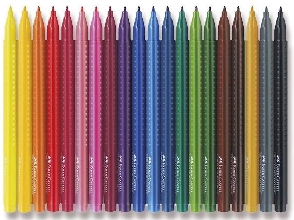 Il set di pennarelli Faber-Castell Grip è ideale per scolari, bambini creativi e adulti. Grazie alla forma triangolare ergonomica e alla caratteristica zona GRIP con piccoli punti antiscivolo, i pennarelli si impugnano comodamente e guidano la mano in modo naturale. L’inchiostro a base d’acqua è saturo, brillante e facilmente lavabile dalla maggior parte dei tessuti comuni.
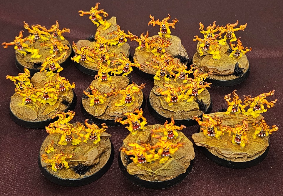 I wanted the army to represent a burning elemental avalanche rather than a coherent army
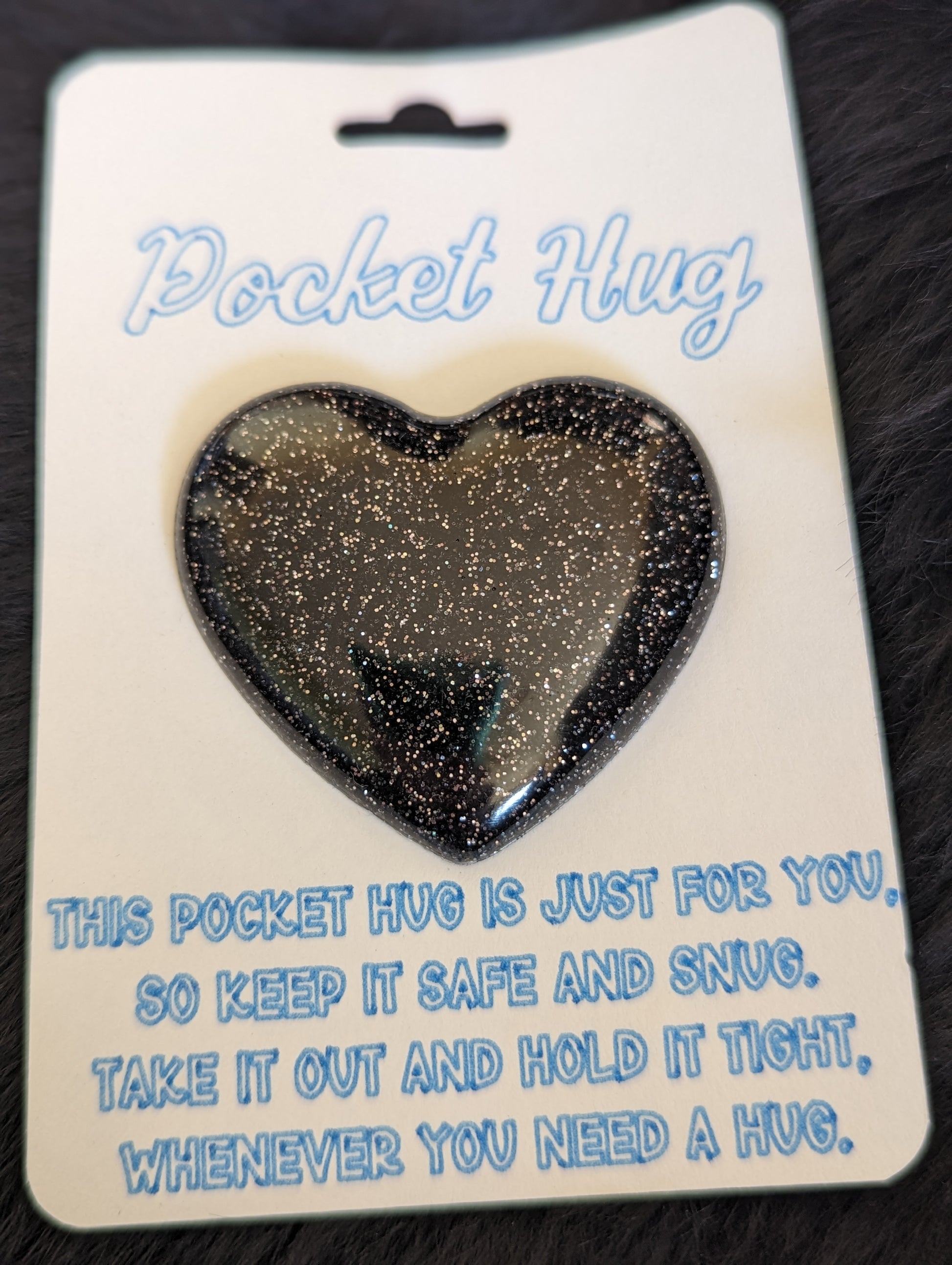 This pocket hug is just for you, so keep it safe and snug. Take it out and hold it tight, whenever you need a hug. This pocket heart is the perfect gift for loved ones that you maybe don't get to see very often, or that you just want to think about you. They can keep it in their pocket, and when they pull it out they can think of you and hold you close. This particular heart shaped pocket hug is approximately 2"x2", so it is a rather large pocket hug. It is made of epoxy resin, mica powder and glitter. This pocket hug is made with black glitter. Color may differ slightly in person due to lighting and variances in screens. This is a hand crafted item, please allow slight surface imperfections.
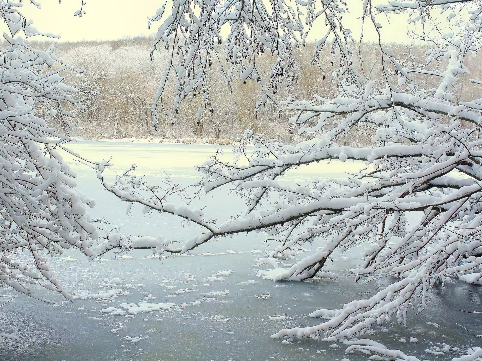 Zdjęcia, Zamarznięta, Rzeka, Gałęzie, Drzew
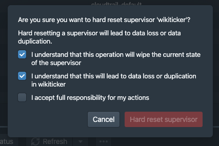 vogievetsky opened a new pull request #9253: Web console: make supervisor reset really scary in the UI URL: https://github.com/apache/druid/pull/9253 Do a better job of conveying just how drastic a supervisor reset is to the user. This PR does two things: - Renames "Reset" to "Hard reset" to make it sound scarier and look less like "Restart" - Makes the user tick a few boxes to ensure they know what they are getting themselves into
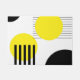 Abstract design illustration with geometrical (circles and stripes) shapes decoration in yellow and black colours on white background.
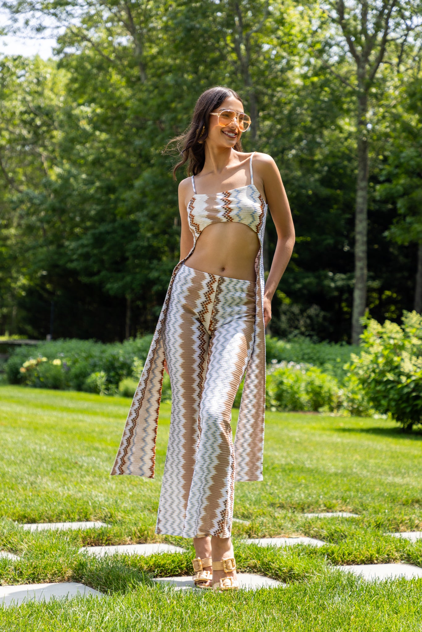 Striking strappy top with a modern, asymmetric silhouette. Designed with an open back and adjustable tie fastening, its super-cropped front extends into elongated sides, creating a sculptural, contemporary look. Versatile and bold, it transitions effortlessly from day to night styling.

Problem -
From the data above, retype only the lines starting with the line with "This pocket hug is just" and going on through the line with "Abstract design illustration", exactly, leaving out the pictures.

Exercise response -
 This pocket hug is just for you, so keep it safe and snug. Take it out and hold it tight, whenever you need a hug. This pocket heart is the perfect gift for loved ones that you maybe don't get to see very often, or that you just want to think about you. They can keep it in their pocket, and when they pull it out they can think of you and hold you close. This particular heart shaped pocket hug is approximately 2"x2", so it is a rather large pocket hug. It is made of epoxy resin, mica powder and glitter. This pocket hug is made with black glitter. Color may differ slightly in person due to lighting and variances in screens. This is a hand crafted item, please allow slight surface imperfections.
 Zdjęcia, Zamarznięta, Rzeka, Gałęzie, Drzew
 vogievetsky opened a new pull request #9253: Web console: make supervisor reset really scary in the UI URL: https://github.com/apache/druid/pull/9253 Do a better job of conveying just how drastic a supervisor reset is to the user. This PR does two things: - Renames "Reset" to "Hard reset" to make it sound scarier and look less like "Restart" - Makes the user tick a few boxes to ensure they know what they are getting themselves into
 Abstract design illustration with geometrical (circles and stripes) shapes decoration in yellow and black colours on white background.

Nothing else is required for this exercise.